Stiamo parlando di un tragico episodio che risale a quasi un secolo fa. Sul finire dell’estate del 1920 (era il 13 settembre) il prelato si trovava con alcuni familiari nella sua residenza di villeggiatura, in località Realcelsi, quando - secondo la cronaca riportata all’epoca dal Giornale di Sicilia - fu “fatto segno a tre colpi di arma da fuoco che lo resero immediatamente cadavere”. Nel corso dell’agguato la sorella Stella rimase ferita ad una gamba, per fortuna in maniera non grave. A seguito delle indagini immediatamente avviate dai carabinieri, nei giorni successivi all’assassinio vennero tratti in arresto alcuni sospettati, dei quali tuttavia fu ben presto disposto il rilascio, in quanto le accuse a loro carico non apparivano adeguatamente comprovate.
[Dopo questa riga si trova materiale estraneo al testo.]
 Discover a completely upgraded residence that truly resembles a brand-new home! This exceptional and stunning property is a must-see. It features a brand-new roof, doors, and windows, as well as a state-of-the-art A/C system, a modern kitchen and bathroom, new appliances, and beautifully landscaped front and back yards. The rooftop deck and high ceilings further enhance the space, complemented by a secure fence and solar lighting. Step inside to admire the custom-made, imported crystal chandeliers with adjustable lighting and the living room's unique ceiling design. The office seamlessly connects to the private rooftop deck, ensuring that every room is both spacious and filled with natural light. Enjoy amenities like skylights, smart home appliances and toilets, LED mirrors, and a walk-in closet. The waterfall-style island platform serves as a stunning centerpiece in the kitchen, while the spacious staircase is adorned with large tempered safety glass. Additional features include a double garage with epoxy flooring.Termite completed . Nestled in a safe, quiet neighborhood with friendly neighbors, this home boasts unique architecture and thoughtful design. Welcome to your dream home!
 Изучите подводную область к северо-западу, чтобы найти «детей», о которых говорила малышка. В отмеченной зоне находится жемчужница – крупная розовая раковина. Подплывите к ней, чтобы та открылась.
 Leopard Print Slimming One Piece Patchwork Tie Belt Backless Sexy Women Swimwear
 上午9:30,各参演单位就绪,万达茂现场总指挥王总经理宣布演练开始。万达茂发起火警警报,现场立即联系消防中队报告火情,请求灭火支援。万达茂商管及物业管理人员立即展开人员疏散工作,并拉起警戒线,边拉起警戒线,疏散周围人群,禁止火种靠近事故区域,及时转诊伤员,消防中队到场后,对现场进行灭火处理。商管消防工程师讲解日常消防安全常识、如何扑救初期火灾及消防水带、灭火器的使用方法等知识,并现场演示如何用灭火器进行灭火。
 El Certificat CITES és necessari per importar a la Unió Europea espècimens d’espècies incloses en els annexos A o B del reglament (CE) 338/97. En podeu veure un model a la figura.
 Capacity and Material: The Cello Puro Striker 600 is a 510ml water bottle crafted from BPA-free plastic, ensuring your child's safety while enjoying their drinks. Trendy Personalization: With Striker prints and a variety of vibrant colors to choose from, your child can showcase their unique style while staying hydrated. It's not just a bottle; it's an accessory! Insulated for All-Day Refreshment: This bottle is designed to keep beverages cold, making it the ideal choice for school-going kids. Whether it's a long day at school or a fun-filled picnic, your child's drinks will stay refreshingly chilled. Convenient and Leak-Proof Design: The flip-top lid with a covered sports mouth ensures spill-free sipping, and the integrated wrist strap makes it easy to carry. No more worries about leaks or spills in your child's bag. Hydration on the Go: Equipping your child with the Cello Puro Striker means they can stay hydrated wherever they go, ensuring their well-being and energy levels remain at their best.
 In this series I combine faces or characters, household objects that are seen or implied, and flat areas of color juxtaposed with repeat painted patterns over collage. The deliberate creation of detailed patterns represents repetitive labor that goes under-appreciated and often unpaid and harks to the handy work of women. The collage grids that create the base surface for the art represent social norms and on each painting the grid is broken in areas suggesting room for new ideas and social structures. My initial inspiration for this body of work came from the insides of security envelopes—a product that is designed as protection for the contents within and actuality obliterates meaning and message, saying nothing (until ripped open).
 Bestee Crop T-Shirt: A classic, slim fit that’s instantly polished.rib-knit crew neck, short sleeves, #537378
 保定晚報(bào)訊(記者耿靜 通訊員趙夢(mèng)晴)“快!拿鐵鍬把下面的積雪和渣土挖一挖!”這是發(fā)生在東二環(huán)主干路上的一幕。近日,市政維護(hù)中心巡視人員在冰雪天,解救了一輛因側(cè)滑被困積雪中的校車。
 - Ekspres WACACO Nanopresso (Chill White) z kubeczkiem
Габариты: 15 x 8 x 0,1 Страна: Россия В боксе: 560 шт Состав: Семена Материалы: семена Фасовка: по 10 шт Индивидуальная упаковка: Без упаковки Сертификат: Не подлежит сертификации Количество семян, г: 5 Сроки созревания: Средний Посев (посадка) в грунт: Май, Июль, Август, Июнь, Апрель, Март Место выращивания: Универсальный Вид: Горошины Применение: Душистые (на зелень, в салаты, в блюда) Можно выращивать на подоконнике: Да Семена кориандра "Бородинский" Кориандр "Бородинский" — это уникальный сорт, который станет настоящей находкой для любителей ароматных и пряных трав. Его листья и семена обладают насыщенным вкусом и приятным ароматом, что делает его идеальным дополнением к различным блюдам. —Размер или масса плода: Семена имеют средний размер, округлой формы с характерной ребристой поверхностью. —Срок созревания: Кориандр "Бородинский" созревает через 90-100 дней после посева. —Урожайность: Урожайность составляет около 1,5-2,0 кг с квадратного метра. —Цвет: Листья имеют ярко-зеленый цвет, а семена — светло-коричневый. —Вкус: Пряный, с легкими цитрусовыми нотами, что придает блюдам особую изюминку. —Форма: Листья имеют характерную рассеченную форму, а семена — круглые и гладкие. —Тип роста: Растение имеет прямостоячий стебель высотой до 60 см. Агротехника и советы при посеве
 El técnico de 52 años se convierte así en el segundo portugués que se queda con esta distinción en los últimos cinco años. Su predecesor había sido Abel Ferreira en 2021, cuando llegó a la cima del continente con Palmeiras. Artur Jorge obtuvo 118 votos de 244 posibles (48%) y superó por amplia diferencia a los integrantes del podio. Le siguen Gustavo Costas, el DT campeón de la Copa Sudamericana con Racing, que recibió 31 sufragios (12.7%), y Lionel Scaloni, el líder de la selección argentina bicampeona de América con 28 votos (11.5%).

Il compianto monsignor Francesco Sparacio ha definito don Millunzi “sacerdote esemplare, fine poeta, uomo di lettere, maestro di vita” ed anche “uomo geniale, scrittore ricchissimo dalla cultura vasta e dalle intuizioni acute, dalla sconfinata capacità di essere presente nei diversi campi dello scibile, aperto al ‘sociale’, creatore ed organizzatore di opere di concreto aiuto ai poveri ed ai bisognosi”. A lui si deve, tra l’altro, la fondazione della Cassa Rurale ed Artigiana di Monreale.

Il suo assassinio è rimasto impunito. “La morte del Millunzi - ha affermato il vescovo Giuseppe Petralia - è rimasta sempre misteriosa: certo è, però, che è rimasto vittima del suo coraggio e della sua lealtà. Egli non ammetteva prepotenze, sia nella vita pubblica, sia nelle istituzioni”; e va anche ricordato che era un feroce oppositore della Massoneria (che definiva “setta nefasta”) e che quando era membro dell’amministrazione del Collegio di Maria di Monreale aveva riscontrato all’interno dell’istituto la presenza di “ingerenze mafiose”, a cui si era opposto con estrema e risoluta fermezza. Lo stesso monsignor Petralia ricordava peraltro che il Millunzi aveva subìto “un gravissimo attentato mentre leggeva il suo breviario, in una terrazza del Convitto di Chierici Rossi: gli spararono contro, ma quella volta sfuggì alla morte”.

Dunque, molti elementi e concordanti indizi inducono a ritenere che sia da qualificare come delitto di mafia l’efferato omicidio del canonico Millunzi, che durante tutta la sua esistenza, come ha scritto lo storico Nicola Giordano, “disprezzò i pericoli e non chiuse mai gli occhi dinanzi all’ingiustizia ed alla viltà”. Tutti giustamente riconosciamo l’altissima testimonianza di rettitudine e di impegno sociale che ha condotto don Pino Puglisi all’estremo sacrificio; ma sarebbe probabilmente doveroso riscoprire e valorizzare la figura di questo prete monrealese illuminato ed integerrimo, sottraendolo all’ingiusto ed immeritato oblio.